**Exercise description**
A faithful repeat of all the records, with no image kept, is the required answer.

**Stored data**
----------
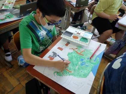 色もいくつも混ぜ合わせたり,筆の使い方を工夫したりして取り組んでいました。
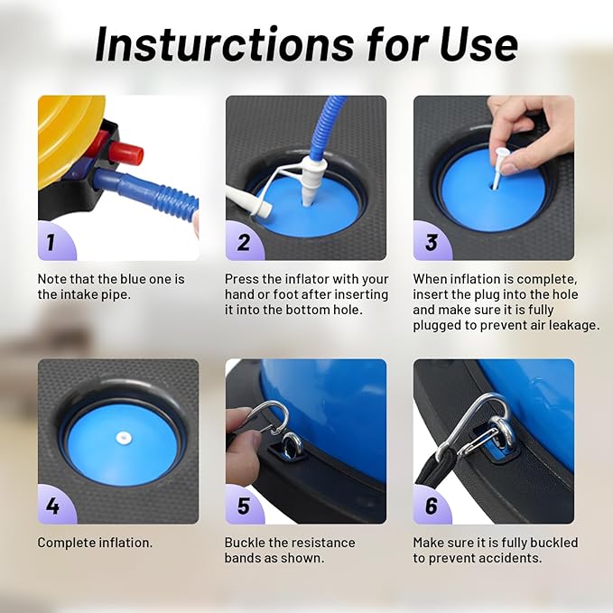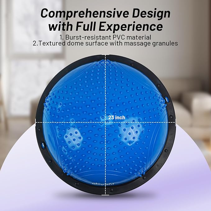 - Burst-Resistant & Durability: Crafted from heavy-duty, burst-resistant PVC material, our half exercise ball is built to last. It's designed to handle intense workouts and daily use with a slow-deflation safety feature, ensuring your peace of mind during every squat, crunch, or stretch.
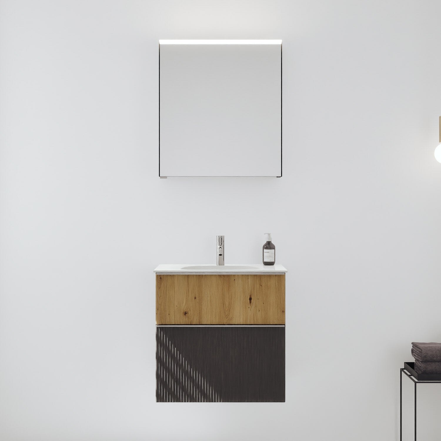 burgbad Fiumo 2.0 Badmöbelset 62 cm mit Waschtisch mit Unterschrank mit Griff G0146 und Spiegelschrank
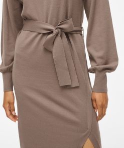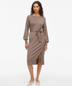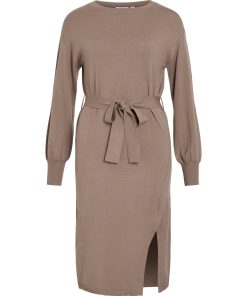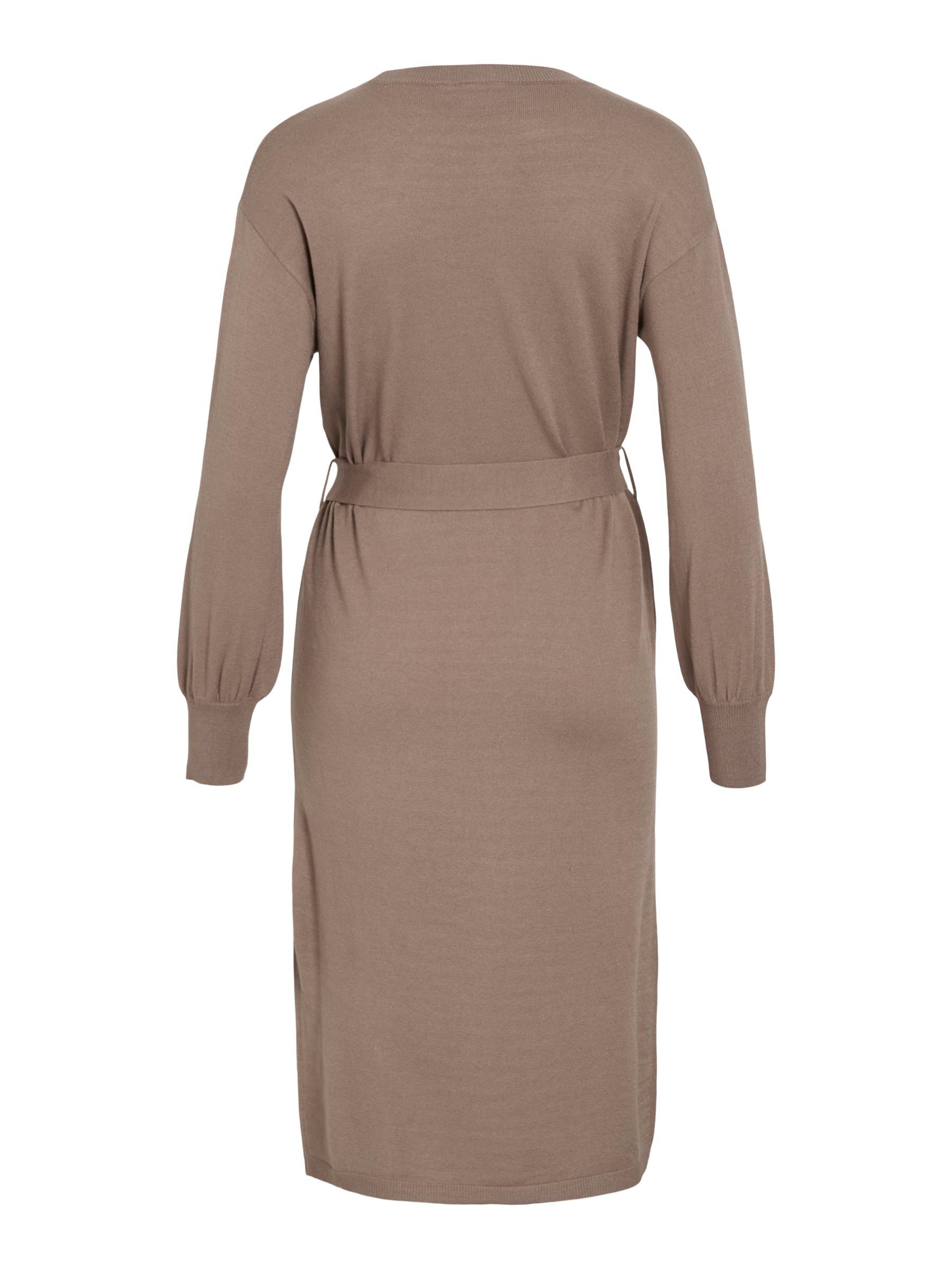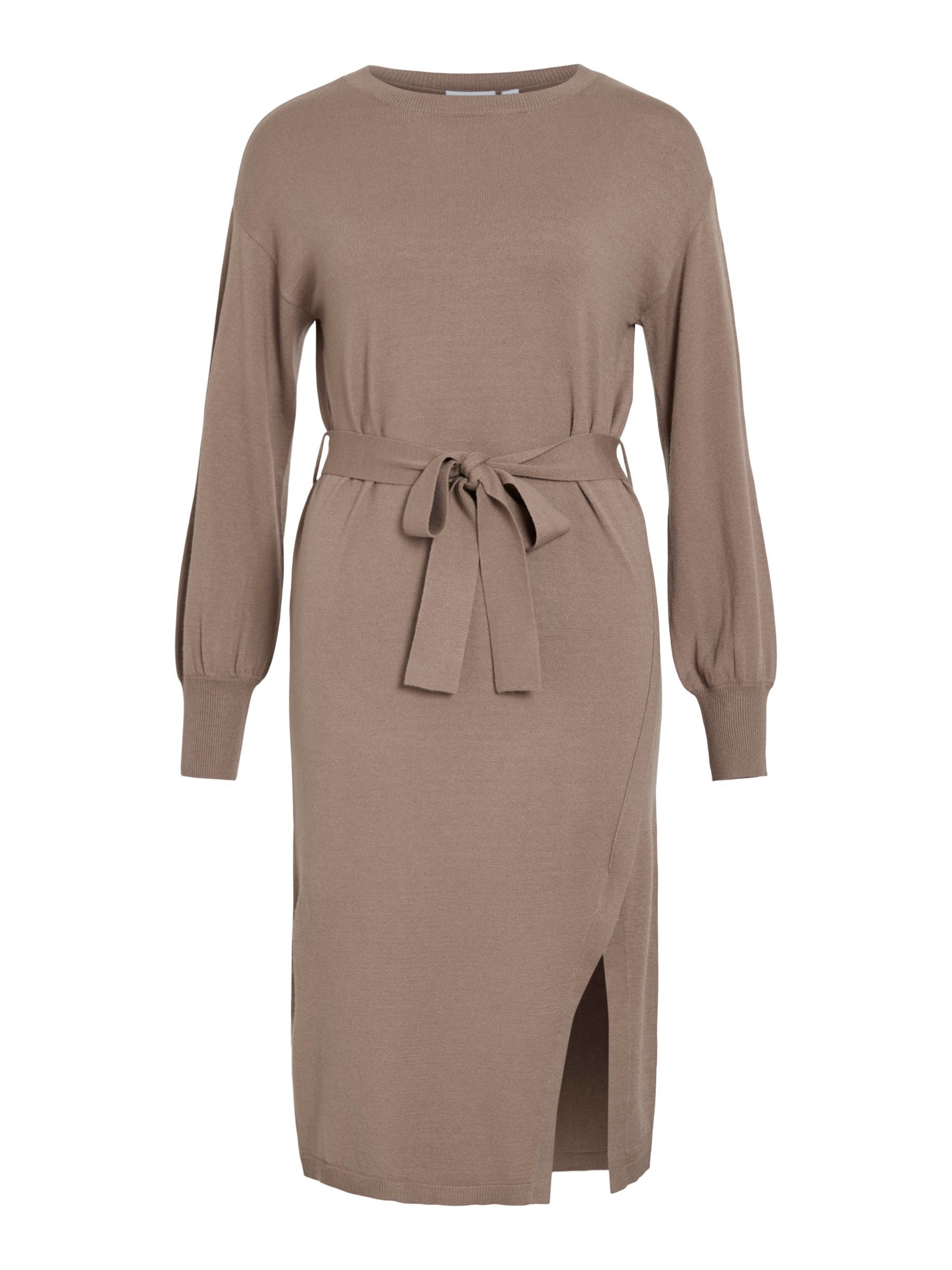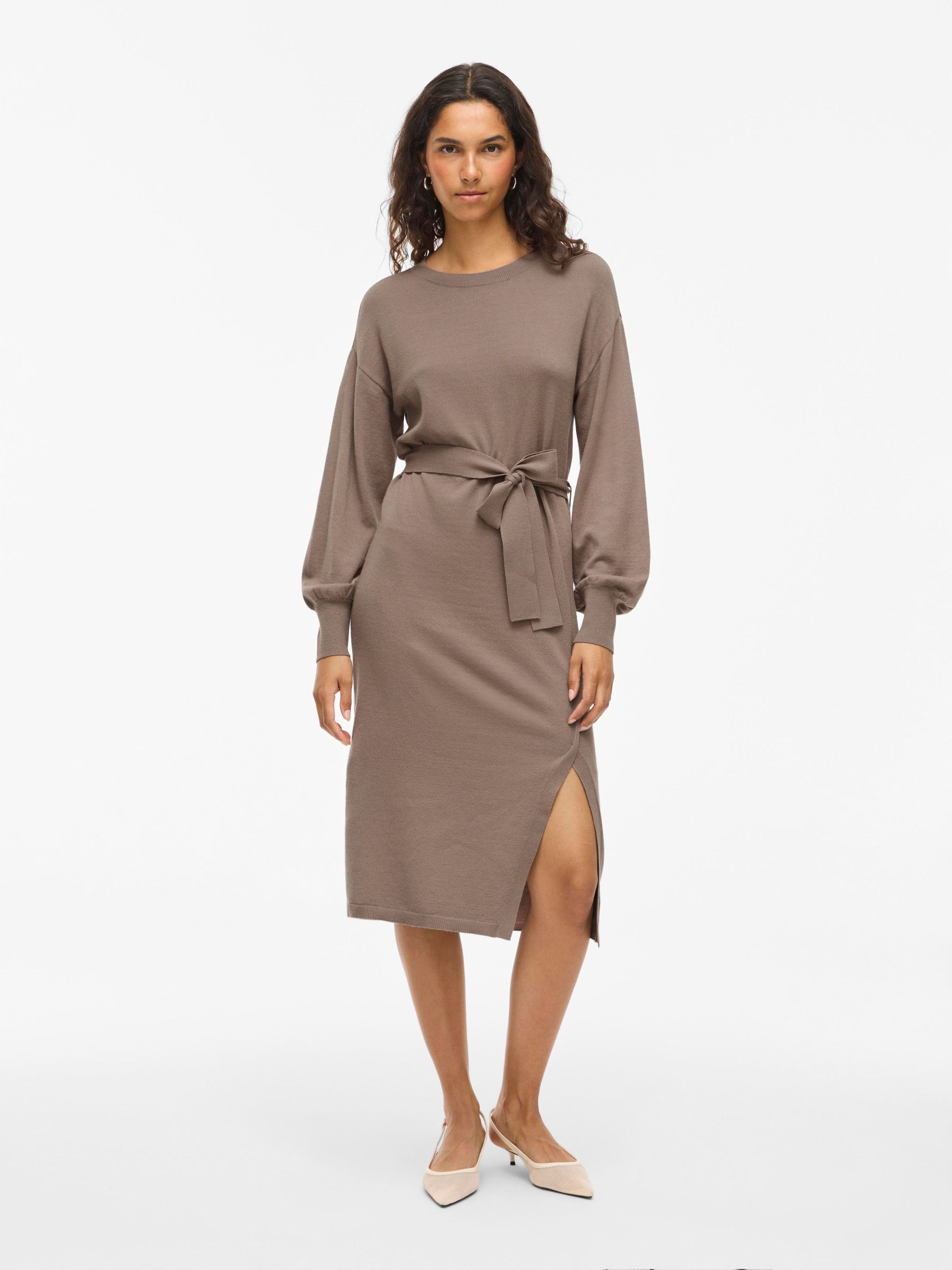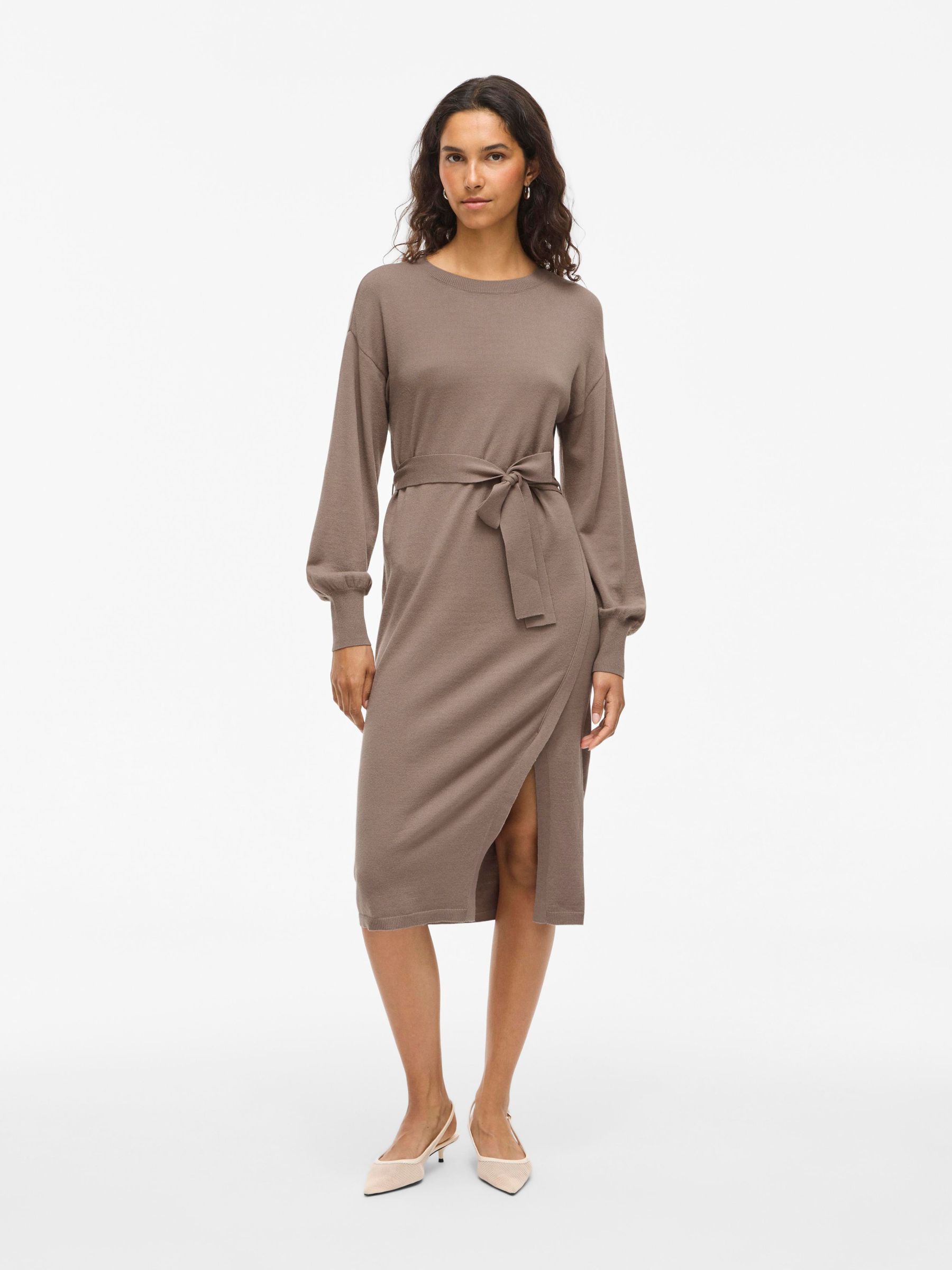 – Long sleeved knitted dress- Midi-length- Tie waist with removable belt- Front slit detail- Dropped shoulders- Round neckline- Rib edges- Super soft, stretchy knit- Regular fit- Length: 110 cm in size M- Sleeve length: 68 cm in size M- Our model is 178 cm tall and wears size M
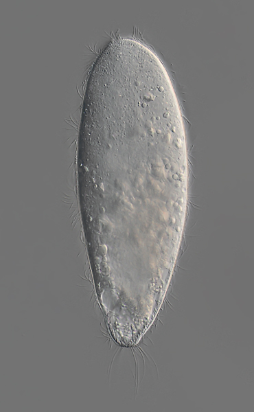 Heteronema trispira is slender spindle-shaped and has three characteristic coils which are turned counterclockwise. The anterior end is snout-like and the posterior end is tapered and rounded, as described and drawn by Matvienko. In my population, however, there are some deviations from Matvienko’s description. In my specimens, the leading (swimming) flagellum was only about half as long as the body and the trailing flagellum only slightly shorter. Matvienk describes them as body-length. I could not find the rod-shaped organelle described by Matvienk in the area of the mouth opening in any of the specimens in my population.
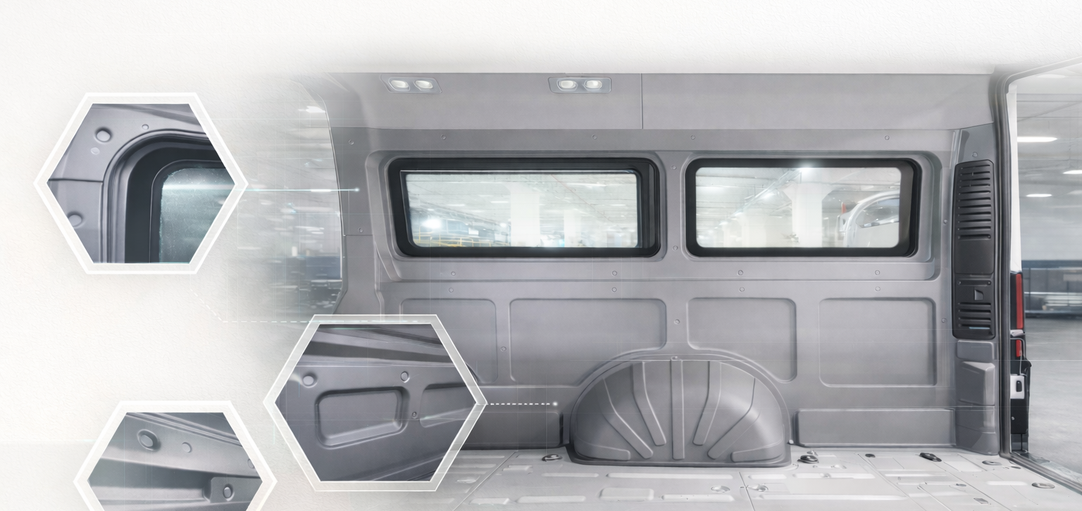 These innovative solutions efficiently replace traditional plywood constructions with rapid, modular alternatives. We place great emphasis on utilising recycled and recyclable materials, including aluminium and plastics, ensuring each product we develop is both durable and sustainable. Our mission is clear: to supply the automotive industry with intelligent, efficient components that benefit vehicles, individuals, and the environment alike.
----------
**Solved exercise**
 色もいくつも混ぜ合わせたり,筆の使い方を工夫したりして取り組んでいました。
 - Burst-Resistant & Durability: Crafted from heavy-duty, burst-resistant PVC material, our half exercise ball is built to last. It's designed to handle intense workouts and daily use with a slow-deflation safety feature, ensuring your peace of mind during every squat, crunch, or stretch.
 burgbad Fiumo 2.0 Badmöbelset 62 cm mit Waschtisch mit Unterschrank mit Griff G0146 und Spiegelschrank
 – Long sleeved knitted dress- Midi-length- Tie waist with removable belt- Front slit detail- Dropped shoulders- Round neckline- Rib edges- Super soft, stretchy knit- Regular fit- Length: 110 cm in size M- Sleeve length: 68 cm in size M- Our model is 178 cm tall and wears size M
 Heteronema trispira is slender spindle-shaped and has three characteristic coils which are turned counterclockwise. The anterior end is snout-like and the posterior end is tapered and rounded, as described and drawn by Matvienko. In my population, however, there are some deviations from Matvienko’s description. In my specimens, the leading (swimming) flagellum was only about half as long as the body and the trailing flagellum only slightly shorter. Matvienk describes them as body-length. I could not find the rod-shaped organelle described by Matvienk in the area of the mouth opening in any of the specimens in my population.
 These innovative solutions efficiently replace traditional plywood constructions with rapid, modular alternatives. We place great emphasis on utilising recycled and recyclable materials, including aluminium and plastics, ensuring each product we develop is both durable and sustainable. Our mission is clear: to supply the automotive industry with intelligent, efficient components that benefit vehicles, individuals, and the environment alike.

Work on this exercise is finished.